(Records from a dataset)
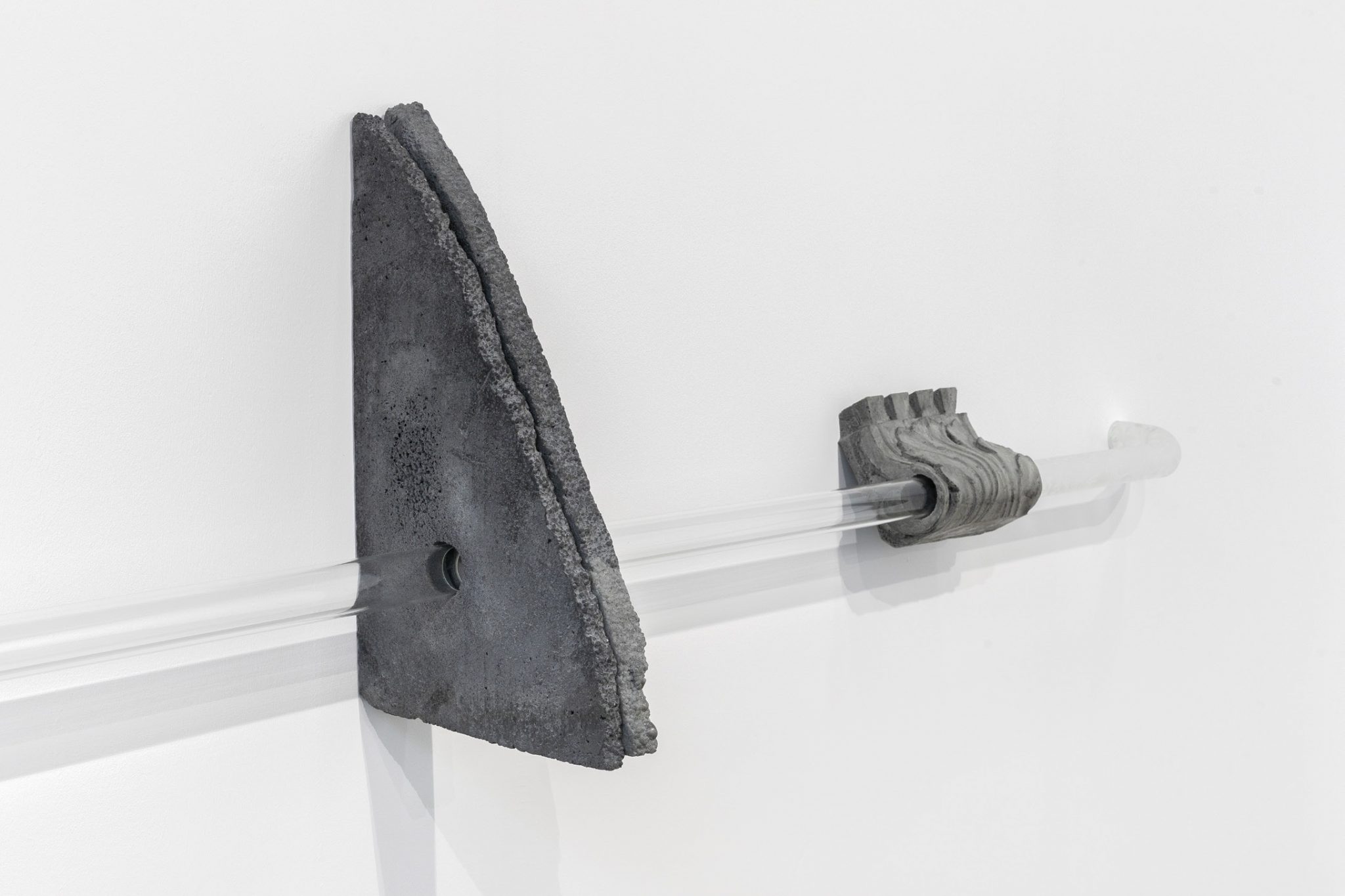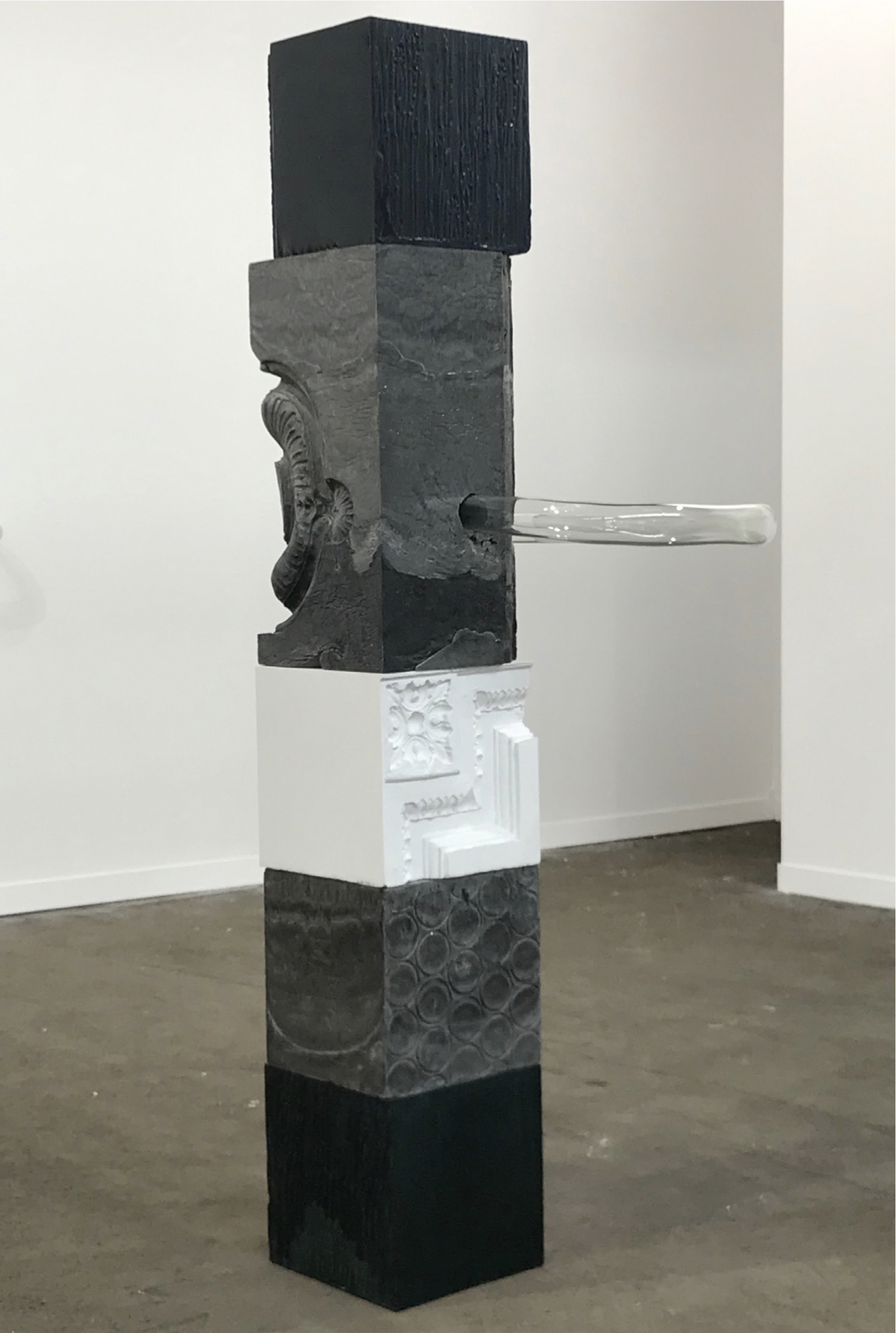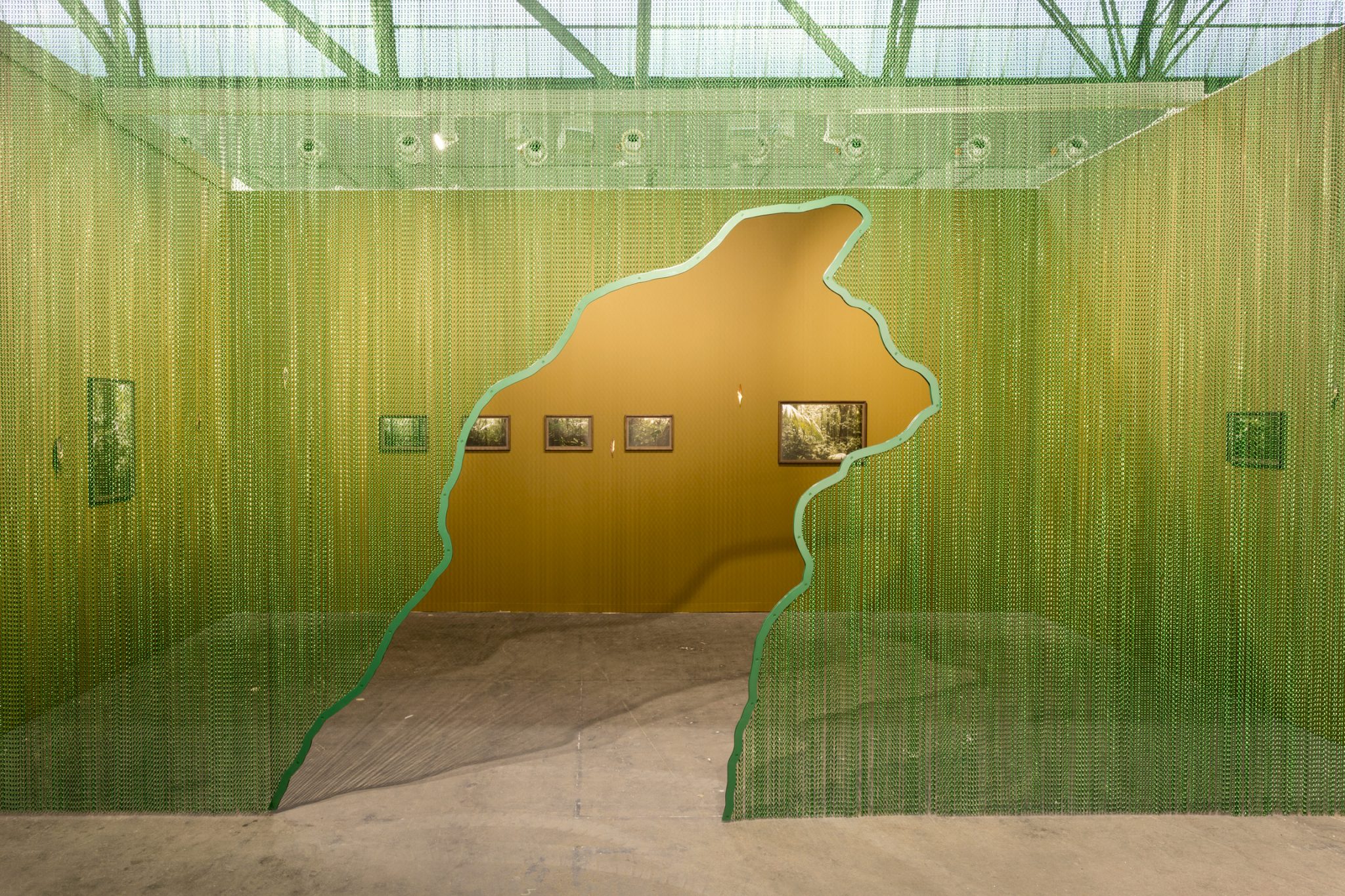 Переместимся в секцию PRIME. Здесь, за зеленой металлической шторкой, напоминающей непроглядные кроны деревьев или же стену дождя в тропических лесах Южной Америки, расположилась инсталляция Даниэля Стигмана Мангране, представленного галереей Mendes Wood DM. В своих работах каталонский художник ставит вопрос о границах между природой и искусством. Размещая скульптурные работы, полученные из природных материалов, вместе с фотографическими работами, изображающими сочную растительность тропического леса, художник стирает различие между органическими и геометрическими формами, витальным и абстрактным, предлагая нам взглянуть на мир с точки зрения единства и гармонии, отбросив бинарное разделение.
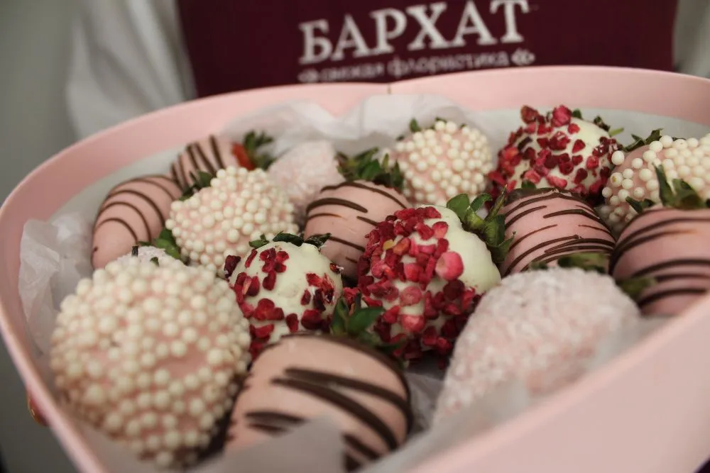 Мы собираем клубничные букеты по весу, а не по штукам. Количество, форма и размер ягод могут отличаться — ведь каждая ягода уникальна.
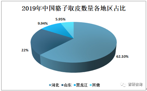 2019年河北貉子取皮數(shù)量占全國貉子取皮數(shù)量的62.10%,山東及黑龍江貉子取皮數(shù)量占全國貉子取皮數(shù)量的比重分別為22%、9.94%。
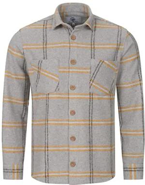 Herren Winterjacke Karierte Flanelljacke Gefüttert Holzfällerjacke Holzfällerhemd Kragen Übergangsjacke Kariert Thermojacke H-338 Gelb S
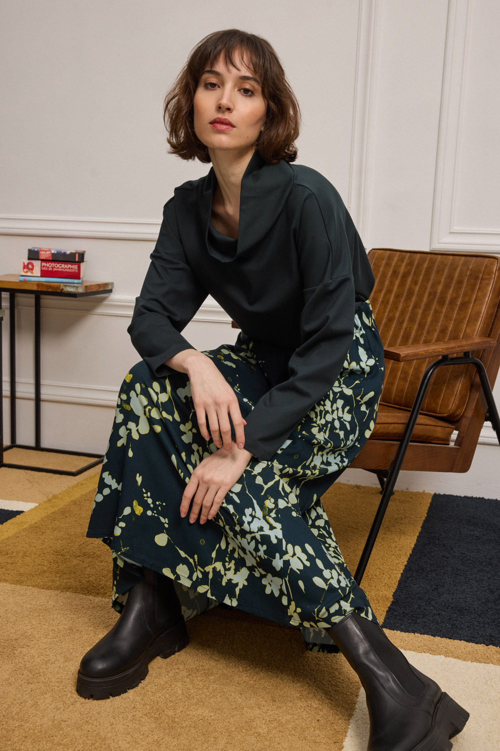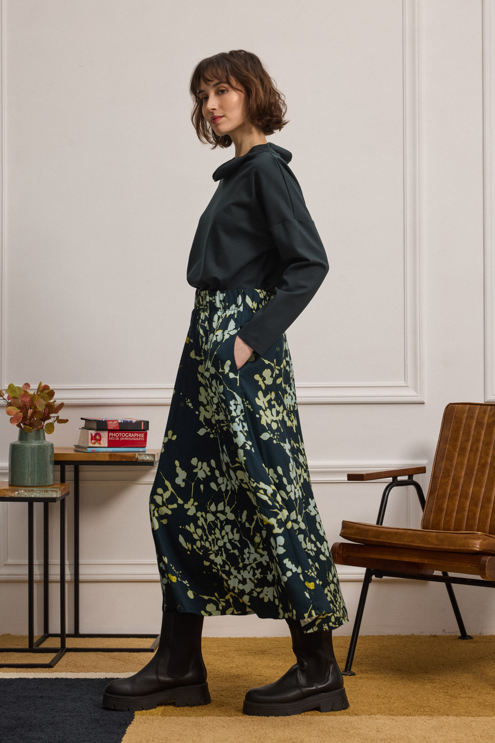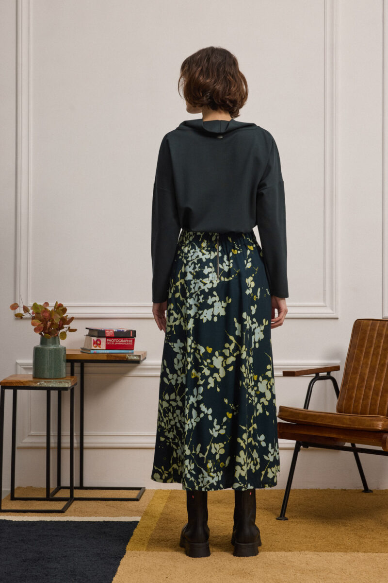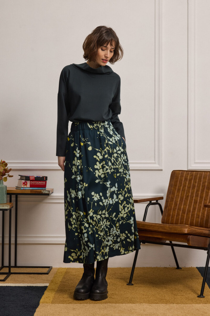 Midi φούστα σε εβαζέ γραμμή, με floral print σε αισθητική water color και ύφασμα από 100% viscoze Ecovero. Το λάστιχο στη μέση και το μεταλλικό φερμουάρ στο πίσω μέρος προσθέτει λεπτομέρεια και εξασφαλίζει άνετη εφαρμογή. Διαθέτει πλαϊνές τσέπες και αέρινη γραμμή που κολακεύει τη σιλουέτα. Φόρεσέ τη με το πουκάμισο SELKIE για ένα απόλυτα συντονισμένο και κομψό look. “Αυτό το προϊόν έχει φτιαχτεί με αγάπη και σεβασμό στο περιβάλλον χρησιμοποιώντας φυσικές ίνες.”
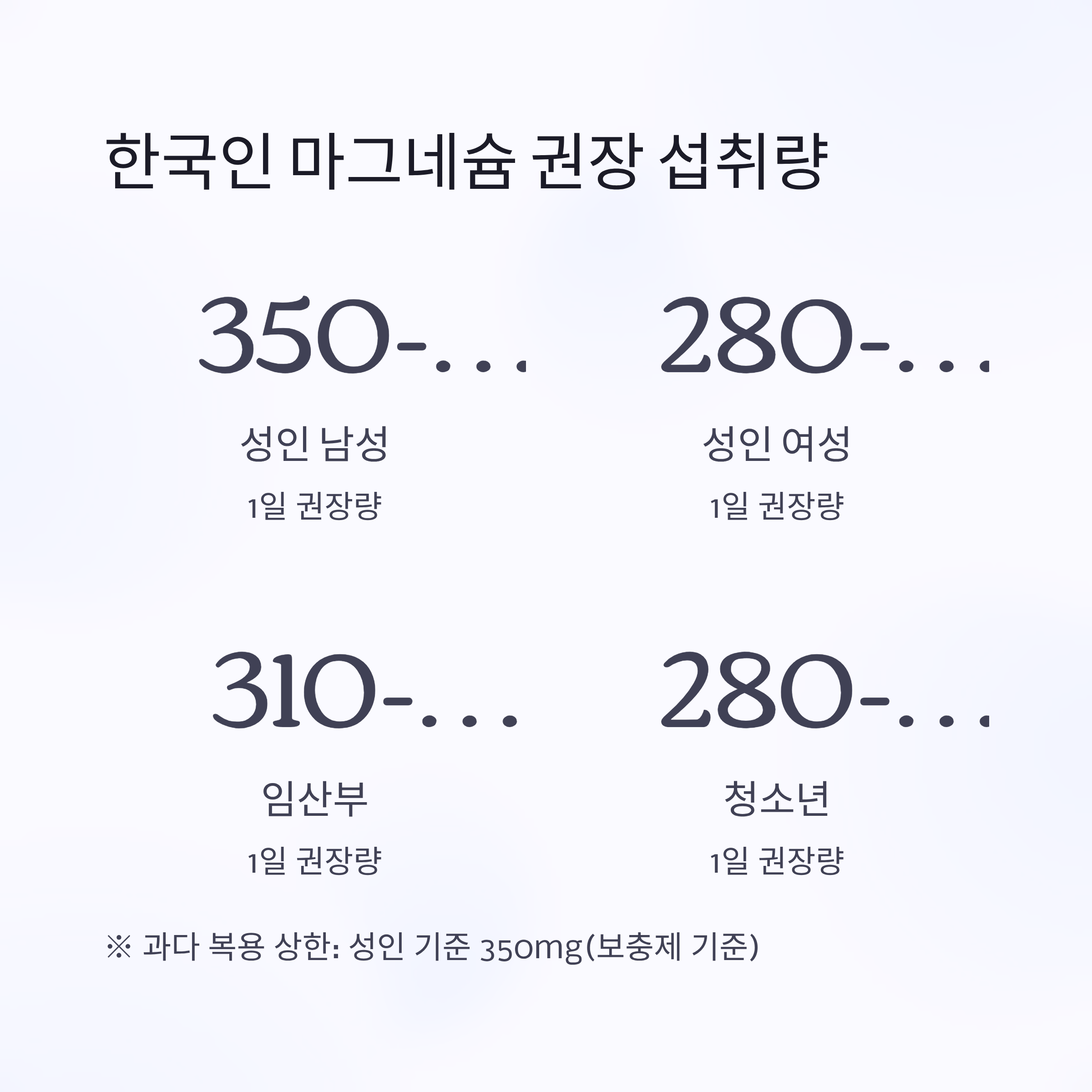 ※ 과다 복용 상한: 성인 기준 350mg(보충제 기준)

(Required action):
When you reproduce the data shown above, keep each line exact and omit every picture.

(Response to this task):
 Переместимся в секцию PRIME. Здесь, за зеленой металлической шторкой, напоминающей непроглядные кроны деревьев или же стену дождя в тропических лесах Южной Америки, расположилась инсталляция Даниэля Стигмана Мангране, представленного галереей Mendes Wood DM. В своих работах каталонский художник ставит вопрос о границах между природой и искусством. Размещая скульптурные работы, полученные из природных материалов, вместе с фотографическими работами, изображающими сочную растительность тропического леса, художник стирает различие между органическими и геометрическими формами, витальным и абстрактным, предлагая нам взглянуть на мир с точки зрения единства и гармонии, отбросив бинарное разделение.
 Мы собираем клубничные букеты по весу, а не по штукам. Количество, форма и размер ягод могут отличаться — ведь каждая ягода уникальна.
 2019年河北貉子取皮數(shù)量占全國貉子取皮數(shù)量的62.10%,山東及黑龍江貉子取皮數(shù)量占全國貉子取皮數(shù)量的比重分別為22%、9.94%。
 Herren Winterjacke Karierte Flanelljacke Gefüttert Holzfällerjacke Holzfällerhemd Kragen Übergangsjacke Kariert Thermojacke H-338 Gelb S
 Midi φούστα σε εβαζέ γραμμή, με floral print σε αισθητική water color και ύφασμα από 100% viscoze Ecovero. Το λάστιχο στη μέση και το μεταλλικό φερμουάρ στο πίσω μέρος προσθέτει λεπτομέρεια και εξασφαλίζει άνετη εφαρμογή. Διαθέτει πλαϊνές τσέπες και αέρινη γραμμή που κολακεύει τη σιλουέτα. Φόρεσέ τη με το πουκάμισο SELKIE για ένα απόλυτα συντονισμένο και κομψό look. “Αυτό το προϊόν έχει φτιαχτεί με αγάπη και σεβασμό στο περιβάλλον χρησιμοποιώντας φυσικές ίνες.”
 ※ 과다 복용 상한: 성인 기준 350mg(보충제 기준)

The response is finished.